What is required: Take the lines from the one with "St. Patrick's, Kilkenny" through the last line of the material below and write them out exactly, without any pictures.

[Opening Input data section]

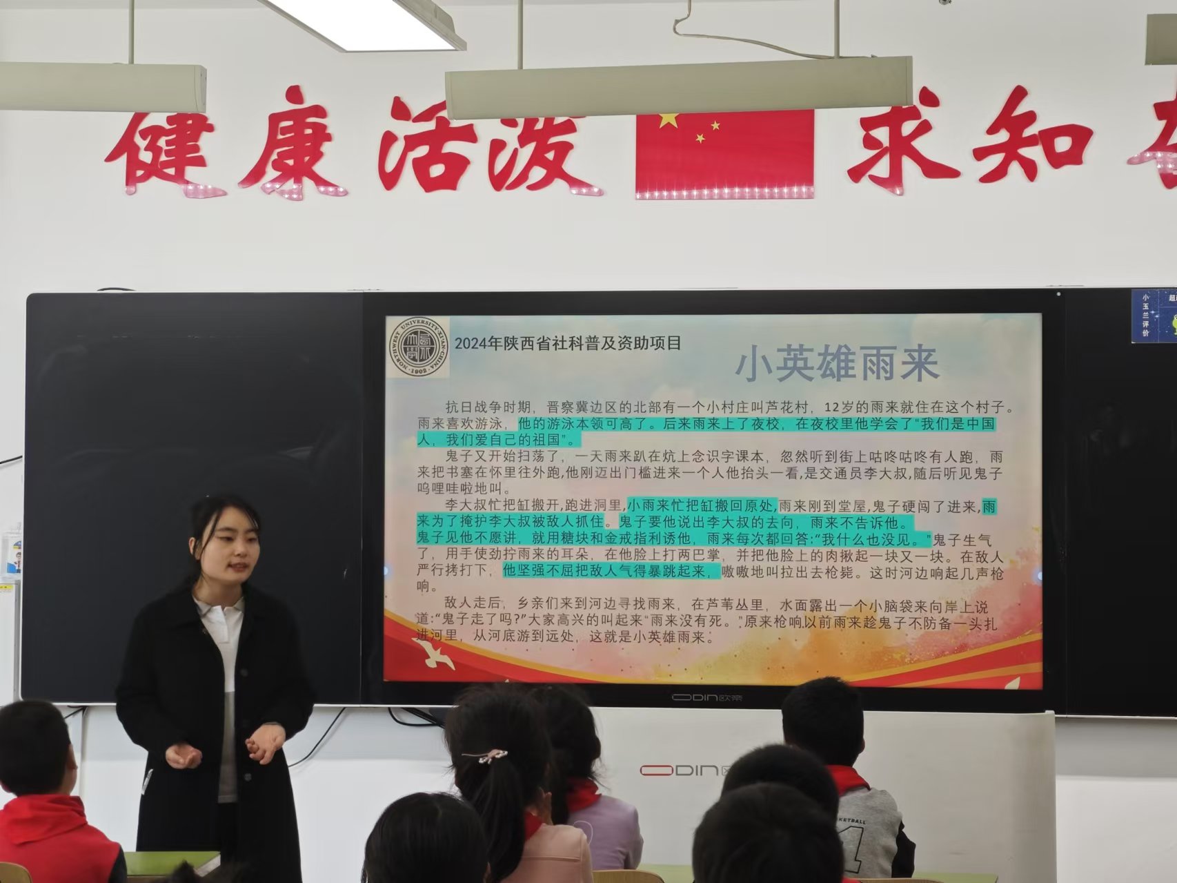 燕卉雅以《光荣的少先队》为题,带领同学们回忆了加入少先队时的情景,接着讲述了少先队队旗和红领巾的含义,启发同学们要听党话、跟党走,让胸前的红领巾更加鲜艳。
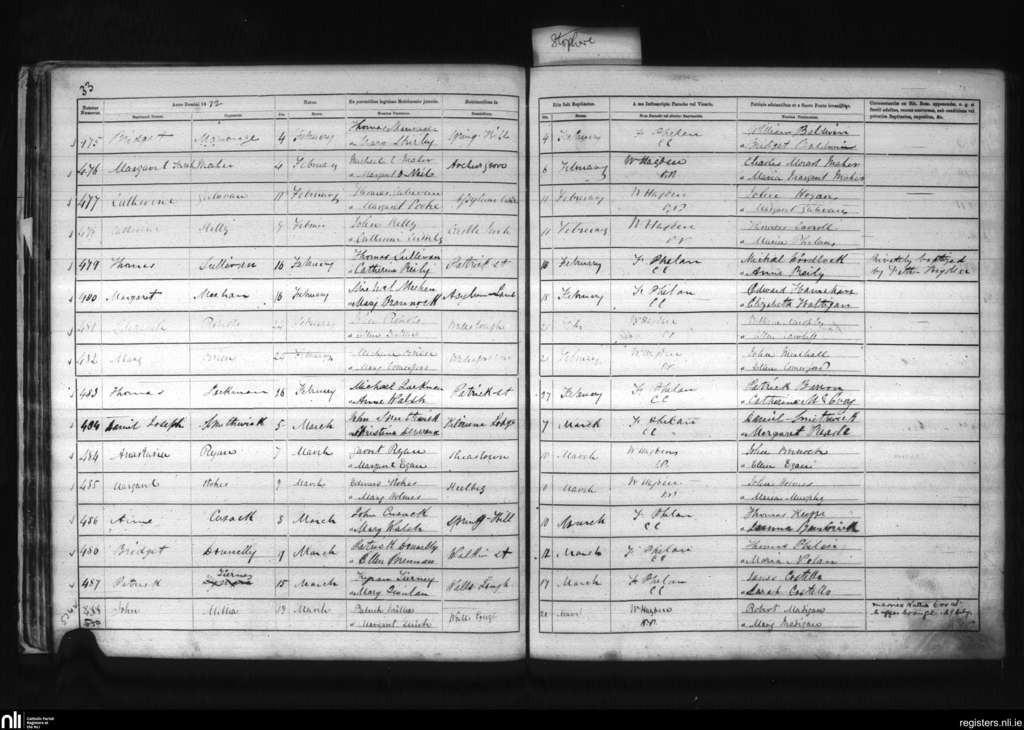 St. Patrick's, Kilkenny city; County of Kilkenny; Diocese of Ossory. Baptisms, Feb. 1872 to Mar. 1872
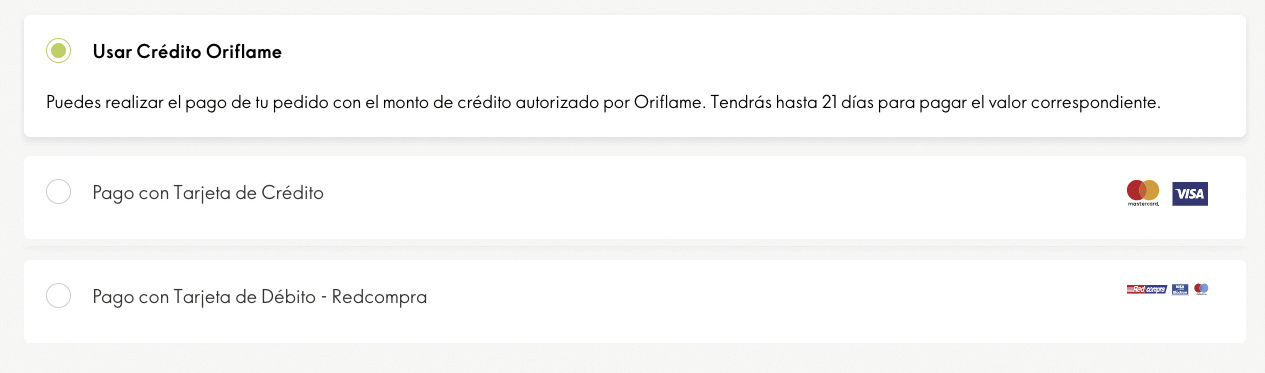 IMPORTANTE: Si tu pedido excede el monto disponible de tu crédito Oriflame, deberás usar la opción de Pago con tarjeta de crédito o débito por el total del monto de tu compra.

[Closing Input data section]

Task output:
 St. Patrick's, Kilkenny city; County of Kilkenny; Diocese of Ossory. Baptisms, Feb. 1872 to Mar. 1872
 IMPORTANTE: Si tu pedido excede el monto disponible de tu crédito Oriflame, deberás usar la opción de Pago con tarjeta de crédito o débito por el total del monto de tu compra.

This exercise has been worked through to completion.